Kobiela et al. 2018 investigated the relationship between BMI and CRC screening outcomes in 75,278 participants grouped by BMI and studied the adenoma detection rate (ADR), advanced neoplasia detection rate (ANDR), and cancer detection rate. Adenomas are benign tumors that can eventually progress to CRC. The researchers found that both the ADR and ANDR increased significantly with increasing BMI in both proximal and distal locations. Although the number of cancers detected increased with higher BMIs, statistical significance was not reached. There was, however, a trend towards a higher incidence of proximal cancers in groups with increasing BMIs (p = 0.065). To give more statistical analysis power, the multivariate logistic regression models showed that an increasing BMI was associated with an increased risk of detecting adenomas and advanced neoplasia, with stronger associations in proximal locations [16]. While the study mentioned above did not achieve statistical significance in the number of cancers detected in the group with higher BMI, its findings support the results of our own research, where we observed a higher incidence of cancer in the distal part of the colon. Additionally, in the age group of elderly patients, there was a nearly significant result for CRC in proximal locations, with an odds ratio of 1.69 [0.98; 2.93] and a p-value of 0.0589.

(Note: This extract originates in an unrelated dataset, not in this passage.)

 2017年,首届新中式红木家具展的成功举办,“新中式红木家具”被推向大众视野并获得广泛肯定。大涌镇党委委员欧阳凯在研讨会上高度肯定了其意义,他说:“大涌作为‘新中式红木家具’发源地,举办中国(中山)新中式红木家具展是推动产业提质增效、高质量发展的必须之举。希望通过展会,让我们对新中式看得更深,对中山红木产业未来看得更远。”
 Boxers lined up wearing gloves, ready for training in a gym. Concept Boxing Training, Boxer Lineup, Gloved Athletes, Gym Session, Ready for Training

Other factors that can contribute to an increased risk of adenomas are reported in the literature. A study found a significantly higher mean age in the adenoma-positive group compared to those with normal colonoscopy results (p < 0.001). Furthermore, the presence of a positive history of type 1 or type 2 diabetes was also found to be significantly more prevalent in the adenoma-positive group. In addition, the incidence of a positive family history of colorectal cancer was notably higher among adenoma-positive patients as compared to those with normal colonoscopy outcomes. These findings highlight the importance of age, type 1 and 2 diabetes, and family history as potential risk factors for the development of adenomas [17].

4.2. Loss of SIRT6 and Adipose Tissue Homeostasis

In a study by Sebastian et al. 2022, where mouse models were utilized, specifically APCmin mice, it was determined that the loss of SIRT6 resulted in an increase in the number and size of intestinal adenomas. They discovered that SIRT6 influences tumor-initiating cells (TICs), which are responsible for tumor formation and growth. The loss of SIRT6 led to an expansion of the intestinal stem cell (ISC) pool, and this increase was associated with changes in glucose metabolism. Treatment with an inhibitor of glycolysis, dichloroacetate (DCA), reversed these effects, indicating that increased glucose metabolism upon SIRT6 loss drives ISC expansion, leading to an increase in TICs [18].

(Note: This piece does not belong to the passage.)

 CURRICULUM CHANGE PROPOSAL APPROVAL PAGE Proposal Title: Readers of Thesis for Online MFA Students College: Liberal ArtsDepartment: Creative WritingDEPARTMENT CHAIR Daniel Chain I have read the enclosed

To create an overview of the functions of SIRT6 protein in adipose tissue, we found a literature review that explains the physiological and pathological pathways of the protein. In summary, Sirt6 plays a crucial role in adipocyte metabolism, inflammation, and immune cell function. Its main functions in adipocytes include regulating lipid metabolism, preventing inflammation, stimulating lipolysis, enhancing adipose tissue browning, and improving insulin action in peripheral tissues. Consuming a high-fat diet leads to a notable decrease in Sirt6 levels within visceral adipose tissue, which is then followed by an increase in body weight, fat mass, inflammation within the adipose tissue, and insulin resistance. Sirt6 is also involved in macrophage polarization, influencing both M1 and M2 types. In M1-type macrophages, Sirt6 deficiency activates the NF-κB pathway, producing IL-6 and activating STAT3, leading to M1-type macrophage polarization. In M2-type macrophages, Sirt6 activates the PI3K-Akt pathway and increases the expression of M2 marker genes [19].

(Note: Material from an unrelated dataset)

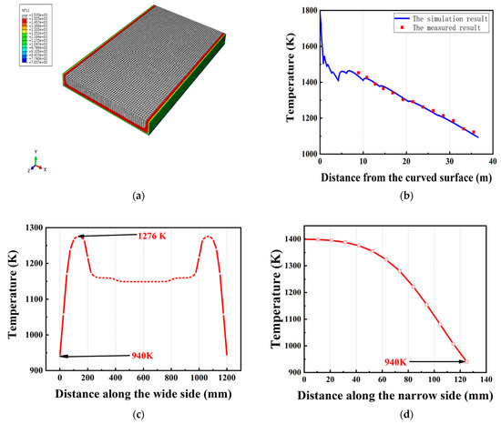 (a) Temperature field of the model. (b) The comparison of the measured and simulated temperature in the center of the narrow face. (c) Temperature on the wide side. (d) Temperature on the narrow side.

Building on this foundation of understanding, a recent study by Jae Hoon Lee and colleagues provides further insights into the significance of adipose tissue characteristics in relation to health outcomes, especially in the context of CRC. In this study, various factors were assessed for their potential association with overall survival (OS). The study utilized a multivariate model incorporating the volume ratio of visceral adipose tissue (rVAT) and the standardized uptake value of visceral adipose tissue (VAT-SUV) in both male and female populations. When applying the multivariate model with rVAT and VAT-SUV to both genders, advanced cancer stages and chemotherapy remained significantly associated with OS across both sexes. Moreover, the presence of lymphovascular invasion and a high–high combination of rVAT and VAT-SUV were additionally significant for males. For females, any combination involving a high component of rVAT and/or VAT-SUV increased the risk of a poor OS [20].
Overall, overweight and obesity are marked by disruptions in glucose metabolism such as insulin resistance and hyperglycemia, and could potentially be exacerbated by the absence of Sirt6 that leads to an expansion of ISCs and TICs, thereby increasing the risk of adenoma development and colorectal cancer.
These findings align with our understanding of the role of Sirt6, emphasizing the need for further research into the intricate interactions between Sirt6 functions and the volume and metabolic activity of visceral adipose tissue in male and females, potentially leading to more effective interventions for adverse health outcomes related to cancer.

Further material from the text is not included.